- [WORK TO BE COMPLETED]:
Line by line, retype the material exactly and leave each picture out.

- [RAW DATA]:

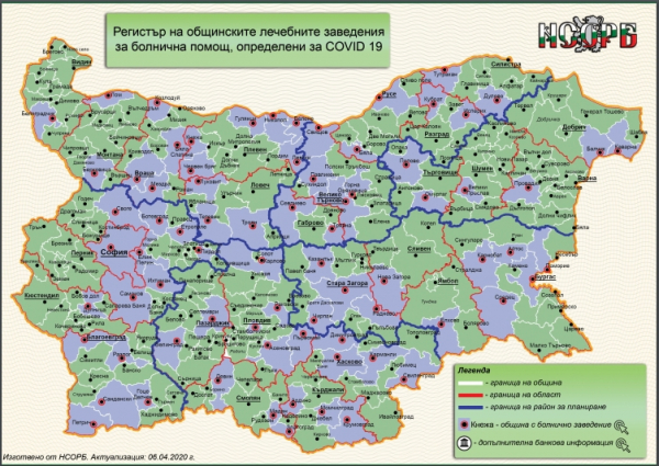 Интерактивна карта с актуалните данни за дарителските сметки, открити в помощ на общинските болници в борбата с COVID 19 изготви Националото сдружение на общините. В картата са посочени всички здравни заведения с цялата инормация за съществуващата база от легла и оборудване. В нея са отразени и дарителските сметки, както и нуждите от средства на местните здравни заведения. Картата е достъпна на сайта namrb.org, информацията в нея се актуализира системно, съобщиха от Сдружението.
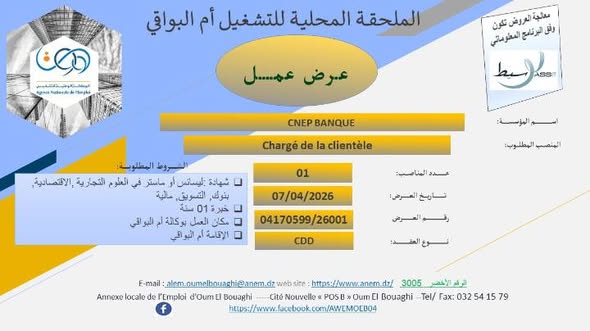 - مكان العمل بوكالة أم البواقي
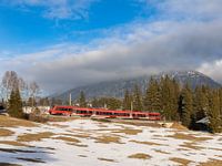 Een idyllisch tafereel, de trein rijdt door het prachtige landschap van Opper-Beieren. Blauwe lucht, opvallende wolken, bergen, bomen en nog wat sneeuw. Een zonnige dag in februari in de buurt van Krün.

- [REPLY TO THE EXERCISE]:
 Интерактивна карта с актуалните данни за дарителските сметки, открити в помощ на общинските болници в борбата с COVID 19 изготви Националото сдружение на общините. В картата са посочени всички здравни заведения с цялата инормация за съществуващата база от легла и оборудване. В нея са отразени и дарителските сметки, както и нуждите от средства на местните здравни заведения. Картата е достъпна на сайта namrb.org, информацията в нея се актуализира системно, съобщиха от Сдружението.
 - مكان العمل بوكالة أم البواقي
 Een idyllisch tafereel, de trein rijdt door het prachtige landschap van Opper-Beieren. Blauwe lucht, opvallende wolken, bergen, bomen en nog wat sneeuw. Een zonnige dag in februari in de buurt van Krün.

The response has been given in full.